當戈瑪總統在特別法庭上籤署《完全投降與合併檔案》時,季博達沒有站在聚光燈下。他站在金都總參謀部頂層的戰略室內,面前是覆蓋整面牆的、剛剛更新過的剛國全境地圖——從大西洋沿岸的黑色沙灘到剛果河上游的雨林,從北部稀樹草原到南部銅帶高原,二百三十四萬平方公里的土地第一次被同一面旗幟覆蓋。
行政機器啟動:莉莎的“文明移植”計劃
統一後的第七天,一場被內部稱為“文明移植”的龐大工程悄然啟動。總負責人是莉莎,這位曾經的卡桑加小學教師,如今肩扛著教育、衛生與社會整合三副重擔。
“布國當初的政策精髓,不在於具體條文,而在於方法論。”在第一次全國行政會議上,莉莎對著臺下三百名新舊官員展示幻燈片,“巡遊老師、巡遊醫生——本質是流動的公共服務模組化系統。”
她拆解了這套系統:
1. 標準化模組:每支“巡遊小隊”由1名主科教師、1名基礎醫療員、2名輔助員、1名安保兼司機組成。
2. 移動平臺:改裝的中型卡車,配備摺疊課桌椅、基礎醫療裝置、淨水裝置、太陽能電池板和小型衛星通訊終端。
3. 路線演算法:由第五軍情報部門提供安全評估,由統計部門根據人口密度和基礎設施缺口計算最優巡迴路線。
4. 反饋機制:每次服務後,資料每晚同步到金都中央資料庫。
“但我們不是簡單複製,”季博達在方案終審時說,“要升級。布國只有二十支小隊,我們要在六個月內,建立兩百支。”

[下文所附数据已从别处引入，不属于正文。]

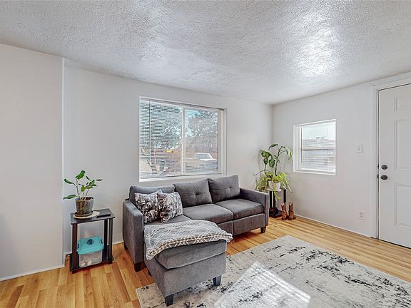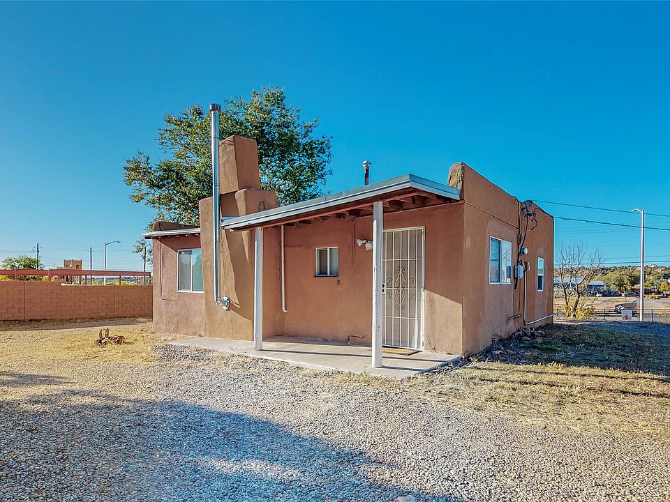 This property is a super small house with 2 bedrooms and 1 bathroom. The indoor space is approximately 800 square feet with a big lot of a quarter of an acre right on Agua Fria. The house has a small outdoor roofed porch and a cozy living area with a furnace/fireplace. The kitchen is small but has a 4-burner electric stove/range. In the middle of two almost identical bedrooms is a bathroom, and one of the bedroom closets has a combo washer/dryer. The flooring is really cute with laminate on top, and it’s light and bright inside. This property presents an excellent opportunity for minimalist living, and the vibes in this small place talk to you. It’s located in True Agua Fria Santa Fe Living amongst vibrant corridors of Santa Fe, close to River Trail & Frenchy’s Park. The excess land right on Agua Fria presents boundless opportunities, maybe for a small business or your dream garden

資金從哪兒來?布國央行被接管時,查獲了戈瑪集團海外資產的線索。在哥瑪總統的配合下,三個月內追回約十七億美元——這筆錢被法律文書明確標註為“國家重建特別基金”。
第一支升級版巡遊小隊出發是在統一後的第二十二天。車隊離開金都時,季博達親自送行。隊長是個三十歲的前布國醫生,曾在戰亂中失去診所,他握著季博達的手說:“司令,我們以前……只能治感冒和包紮。”

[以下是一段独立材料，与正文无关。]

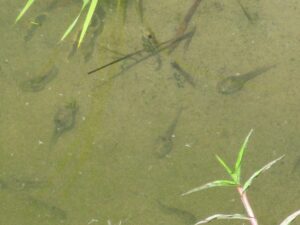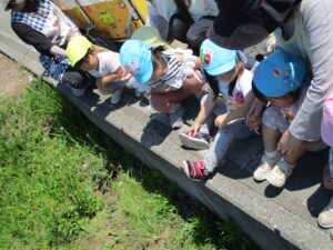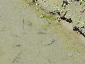 お散歩で園周辺を歩いていると、、、田んぼでおたまじゃくしを発見(゜゜)~

季博達指著卡車上嶄新的裝置:“現在你們有行動式超聲波、血液檢測儀和基礎手術包。記住,你們不僅是醫生教師,更是新生剛國的毛細血管,要把中央的血液輸送到最末梢。”
當文官系統開始編織國家的軟組織時,軍隊的使命是剔除病灶。
季博達在作戰會議上的部署冷酷而精準:“六個月,全境肅清。不是擊潰,是根除。”
一軍(半耳):北部雨林的“外科手術”
北部廣袤雨林盤踞著原布國潰兵、部落武裝和走私集團約一萬二千人,分散在數百個據點。半耳的戰法極具個人風格——沉默的精確清除。
他沒有發動大規模掃蕩,而是將一軍拆分成四十八個“獵殺小組”,每組:
· 30名特戰隊員(擅長叢林戰)
· 2名當地嚮導(從合作部落招募,優厚待遇)
最典型的戰例發生在第四個月。在桑加河流域,一個擁有八百人的武裝集團依託複雜水道抵抗。半耳調來六艘加裝消音馬達的快艇,在暴雨之夜沿支流潛入,同時襲擊了該集團的五個營地。首領在睡夢中被俘時,他的對講機裡還傳來其他營地“一切正常”的報告。

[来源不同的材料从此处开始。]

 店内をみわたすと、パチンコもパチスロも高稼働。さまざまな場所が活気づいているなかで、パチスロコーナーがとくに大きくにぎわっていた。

戰後統計:一軍擊斃頑抗者2100餘人,俘虜5300餘人,招安改編小股武裝約2000人。自身陣亡僅83人。
二軍(狂龍):東部邊境的“鐵壁擠壓”
東部邊境地形複雜,毗鄰多國,歷來是軍閥和跨境犯罪集團的溫床。狂龍的戰術簡單粗暴——建立不可逾越的隔離帶。
他動用二萬工兵和五萬民工,沿東部邊境線修築了一條被稱為“剛國長城”的防禦體系:
· 3米高鋼製網格圍牆(帶感測器)延伸400公里
· 每隔10公里一座瞭望塔(配備雷達和紅外攝像機)
· 後方3公里內清除所有可藏匿武裝的植被
· 建立快速反應基地,駐守武裝直升機和裝甲車
同時,狂龍組織了三次“鐵砧行動”:以營為單位,像梳子一樣從邊境向內陸推進,將武裝分子向“長城”方向驅趕。這些人面臨兩個選擇:在開闊地被消滅,或試圖突破圍牆——後者幾乎等於自殺。
一個曾被多國政府懸賞的軍閥頭目試圖化裝成難民混過檢查站,被衛兵包圍他時,他苦笑:“我躲過了七次圍剿……卻輸給了你們這些民兵。”
三軍(喪彪):南部礦區的“暗影清洗”
南部礦區情況最為複雜。這裡不僅有武裝團伙,還有跨國礦業公司私養的保安部隊、腐敗官員勾結的走私網路。喪彪的使命是進行一場“法律之外的清洗”——清除那些法律暫時無法觸及的陰影。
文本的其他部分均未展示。